Upon arrival in Australia, the chassis was delivered to the main importer and dealer of Talbot goods for the Australian market – Isaac Phizackerley. Phizackerley himself owned a coach building company, and they soon completed the vehicle to the original London design.
The Talbot Roi-Des-Belges Tourer was fitted with an array of branded fixtures including a 15hp Bore and Stroke engine, Rushmore brass acetylene headlamps, Powell & Hammer oil side lamps and rear wheel breaking. Whilst no instruments were fitted to the Rois-Des-Belges, it does in fact have an air horn which is operated by a lever on the dashboard and runs off the air in the number four cylinder – a feature that is still in working condition!
Prior to the 1960s, little is known about the provenance of the Roi-Des-Belges. Though from this point onward, ownership of the vehicle was recorded and in 2014 the Talbot Roi-Des-Belges Tourer made its way back to the UK. The Roi-Des-Belges was then acquired on 3rd December 2014, where its current owner purchased it, coincidentally, at the Chateau Impney H&H auction!

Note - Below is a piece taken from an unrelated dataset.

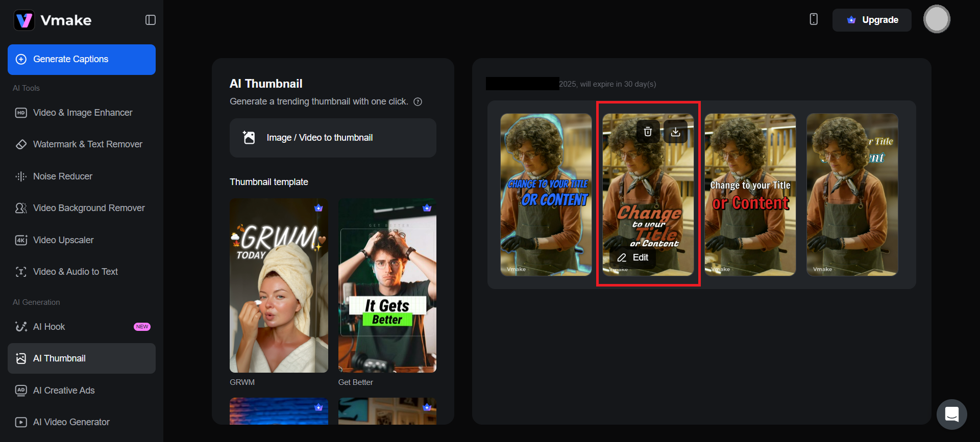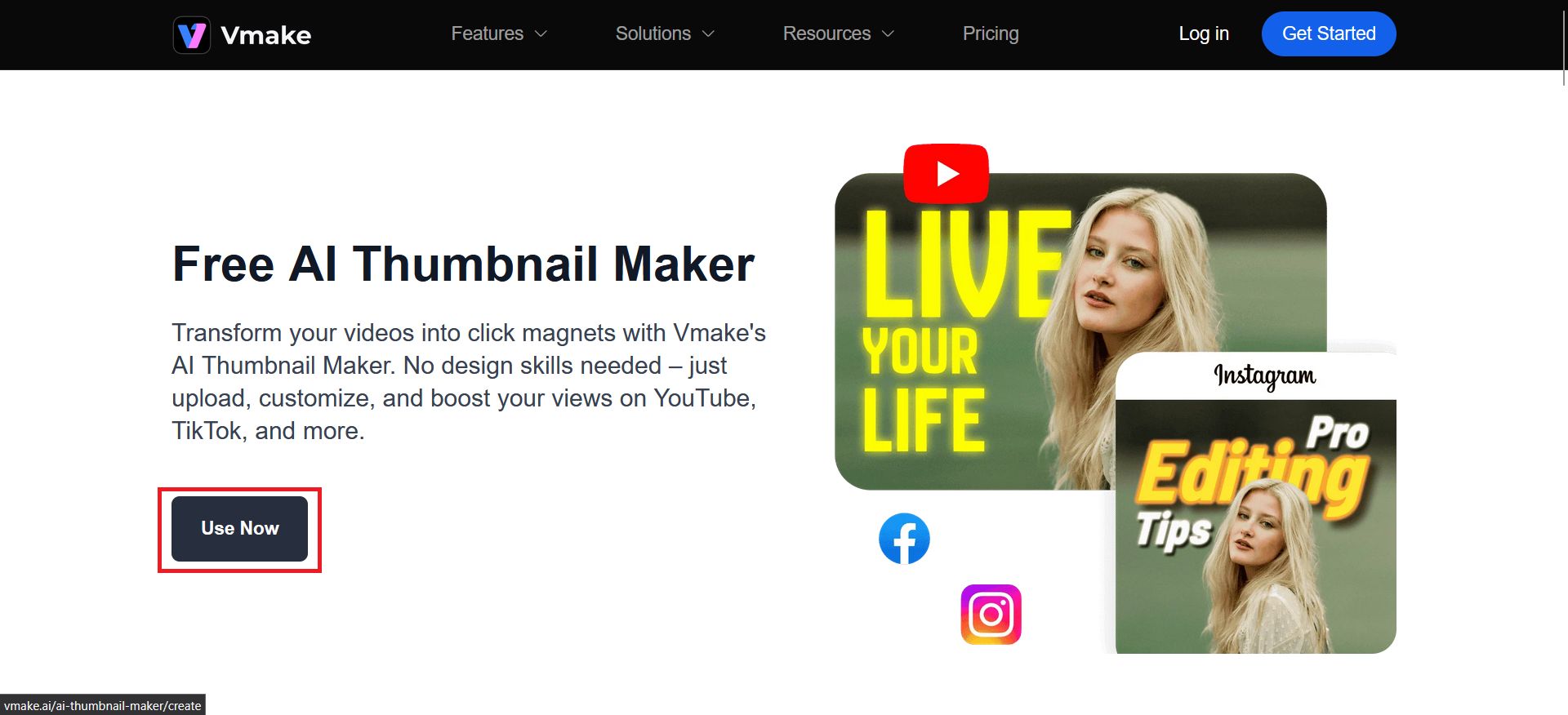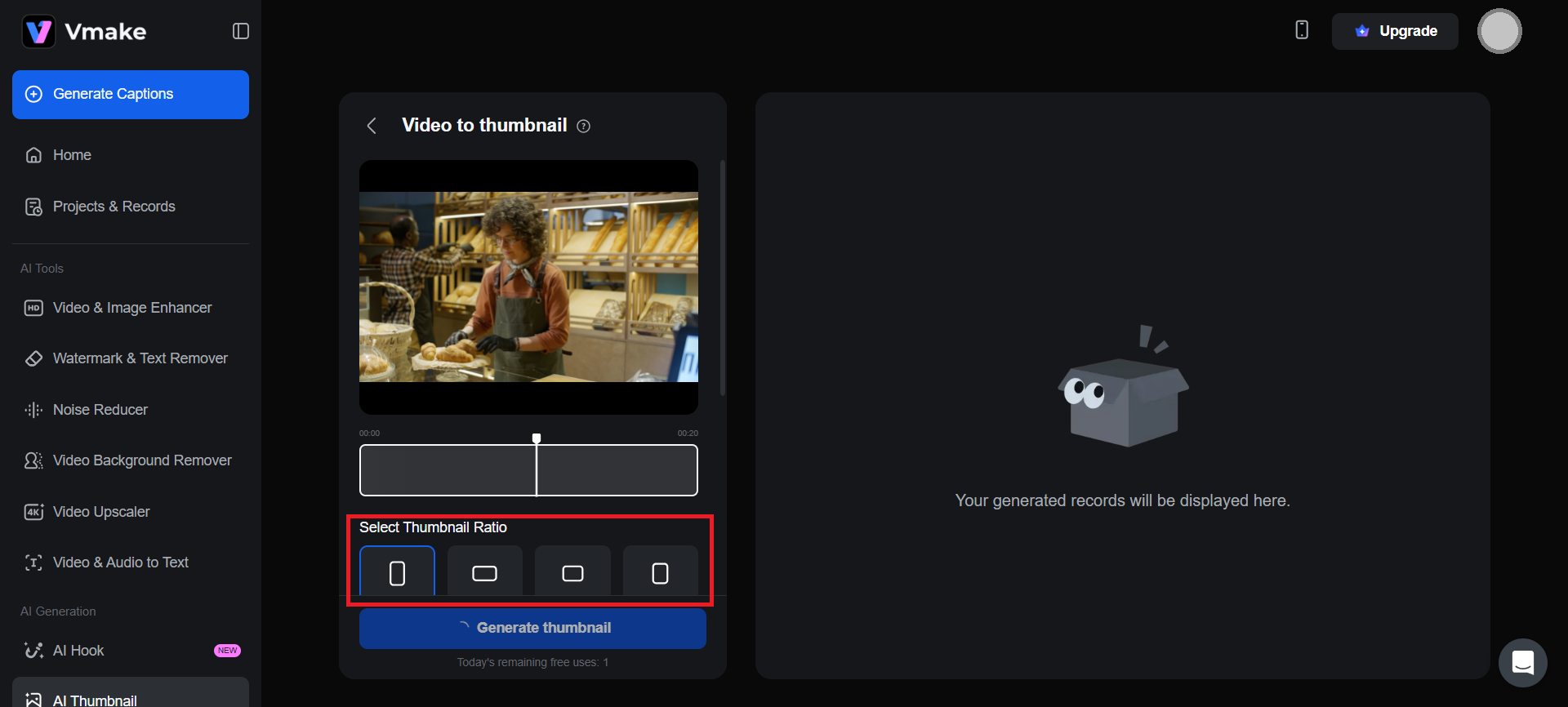Visit Vmake’s AI Thumbnail Maker first.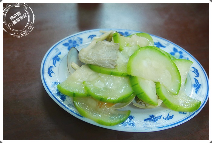 | 絲瓜蛤蠣~竟然不會煮的爛爛的,可見火侯下的好,賣相十足,將蛤蠣鋪在底下就能夠吸收絲瓜的甜味,厲害厲害! |

The vehicle was, however, in poor condition and apparently had to be carried to the auction in fragments – which meant that it was necessary to embark on a restoration journey to bring the Talbot back to its current well-kept condition. Whilst the vehicle was being restored, electric indicators and a starter motor were fitted as safety measures to avoid having to use the starting handle. Regardless, it is a great example of coach-building from the 1900s. This example was put forward by a member of the Talbot Owners Club.
Perhaps one of the most iconic pre-1925 vehicles, the Ford Model T is believed to be one of the first accessibly affordable motorcars. Produced from 1908 to 1926, the affordability of the Model T was largely due to Ford’s innovative assembly line production.
The Model T was meant to be all you would ever need from a car and Henry Ford ensured that the Model T could handle a range of situations –such as a tractor that could tackle farm lanes and mud and double as a portable engine when used as an automobile. It could also cross a light stream or climb a steep hill if need be. The Model T could even be parked on its side and have a pulley fastened to its flat belt to drive a manner of applications, including a silo blower, thresher, bucksaw, water pump or electrical generator.
It was clear that the Model T was adaptable and could be used for a plethora of commercial applications, which meant that, to meet demand, in 1917 the Model TT chassis went into production. An improvement on the original Model T, the Model TT was created by Ford with a four-cylinder engine, mated to a coil ignition with two-speed epicyclical gearbox and produced 22hp – though this did not make for the quickest machine and it capped at about 20mph.
The Shell fuel tanker taking part in our Concours is an original tanker that has undergone a complete restoration in recent years and was purchased by its current owner in 2007. It was once part of the renowned Essex-based ‘Sharpe Collection’. This example was put forward by Fisher Restorations.